If that ain't the limit, I don't know what is!"

"Well," said Jennie, "do you desire to rest your case right here?"

Mr. Bonner made no reply to this, and Jennie turned to Jim.

"Now, Mr. Irwin," said she, "while you have been following out these very interesting and original methods, what have you done in the way of teaching the things called for by the course of study?"



"What is the course of study?" queried Jim. "Is it anything more than an outline of the mental march the pupils are ordered to make? Take reading: why does it give the children any greater mastery of the printed page to read about Casabianca on the burning deck, than about the cause of the firing of corn by hot weather? And how can they be given better command of language than by writing about things they have found out in relation to some of the sciences which are laid under contribution by farming?

Everything they do runs into numbers, and we do more arithmetic than the course requires. There isn't any branch of study--not even poetry and art and music--that isn't touched by life. If there is we haven't time for it in the common schools. We work out from life to everything in the course of study."

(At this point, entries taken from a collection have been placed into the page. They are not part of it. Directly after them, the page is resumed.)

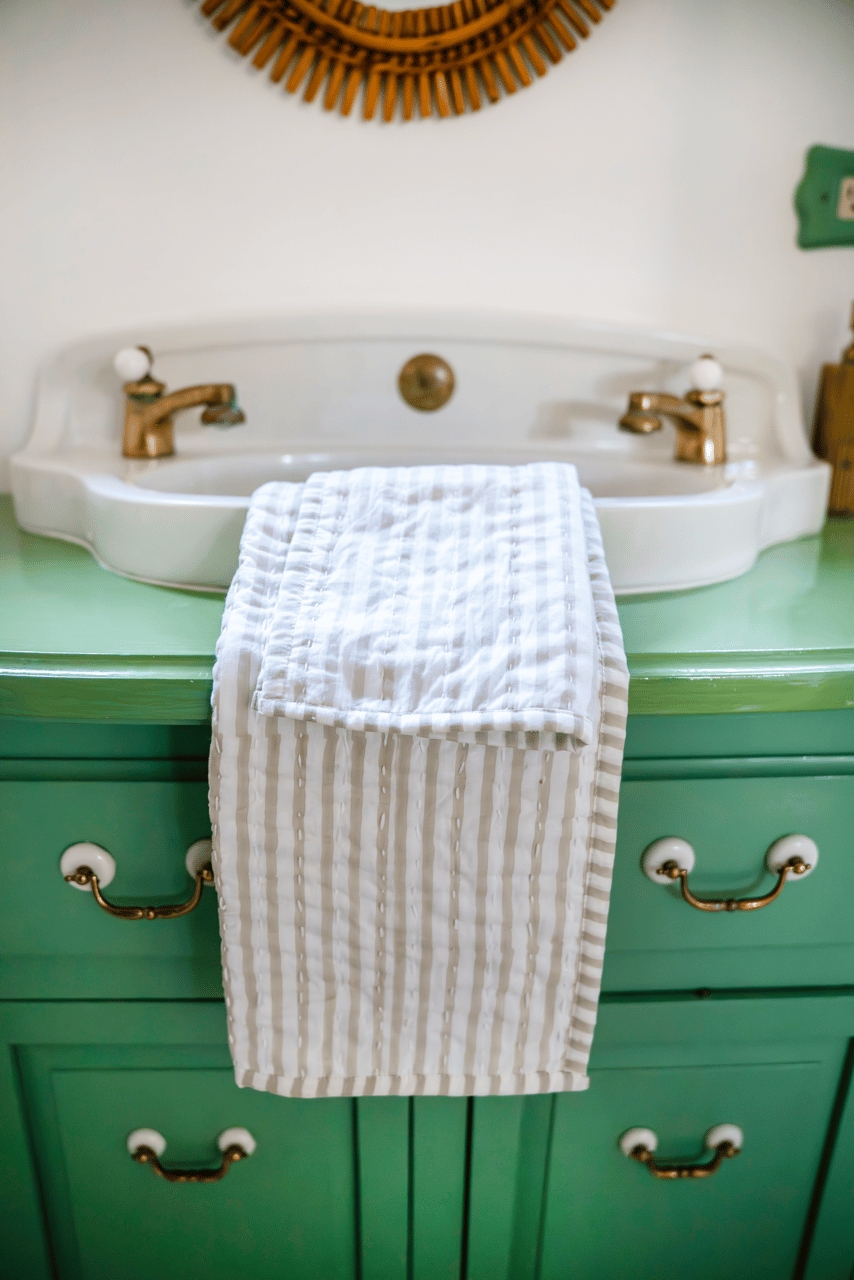 Introducing the Kerry Cassill Terry + Voile Towel, where the luxurious softness of Kerry's bedding now extends to your bath experience. This towel features a combination of solid white terry on one side and the signature Kerry Cassill print on the other, offering both plush comfort and distinctive style. The hand gudri stitching adds a touch of Indian Bohemian charm, elevating the towel to a unique piece of artistry.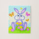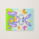 En kanin i lila lycklig med orange, rosa och gult och ljusa blommor, för barn och barn i hjärtat.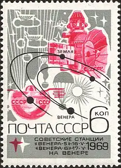 - A Venera 5 alcançou Vênus em 16 de maio de 1969 e entrou na atmosfera de Vênus no mesmo dia, enviando dados à Terra antes de ser esmagada pela atmosfera. Cada nave (Venera 5 e 6) carregava um módulo de pouso, dotado de paraquedas, além de instrumental científico. Também carregavam medalhões comemorativos com as insígnias soviéticas e o baixo-relevo de Lênin. A Venera 5 lançou o seu módulo de pouso no lado escuro de Vênus em 16 de maio de 1969, e a Venera 6 o fez no dia seguinte.

"Do you mean to a.s.sert," queried Jennie, "that while you have been doing all this work which was never contemplated by those who have made up the course of study, that you haven't neglected anything?"

"I mean," said Jim, "that I'm willing to stand or fall on an examination of these children in the very text-books we are accused of neglecting."

Jennie looked steadily at Jim for a full minute, and at the clock. It was nearly time for adjournment.

"How many pupils of the Woodruff school are here?" she asked. "All rise, please!"

A ma.s.s of the audience, in the midst of which sat Jennie's father, rose at the request.

"Why," said Jennie, "I should say we had a quorum, anyhow! How many will come back to-morrow morning at nine o'clock, and bring your school-books?

Please lift hands."

Nearly every hand went up.

"And, Mr. Irwin," she went on, "will you have the school records, so we may be able to ascertain the proper standing of these pupils?"

"I will," said Jim.

"Then," said Jennie, "we'll adjourn until nine o'clock. I hope to see every one here. We'll have school here to-morrow. And, Mr. Irwin, please remember that you state that you'll stand or fall on the mastery by these pupils of the text-books they are supposed to have neglected."

"Not the mastery of the text," said Jim. "But their ability to do the work the text is supposed to fit them for."

"Well," said Jennie, "I don't know but that's fair."

"But," said Mrs. Haakon Peterson, "we don't want our children brought up to be yust farmers. Suppose we move to town--where does the culture come in?"

The Chicago papers had a news item which covered the result of the examinations; but the great sensation of the Woodruff District lay in the Sunday feature carried by one of them.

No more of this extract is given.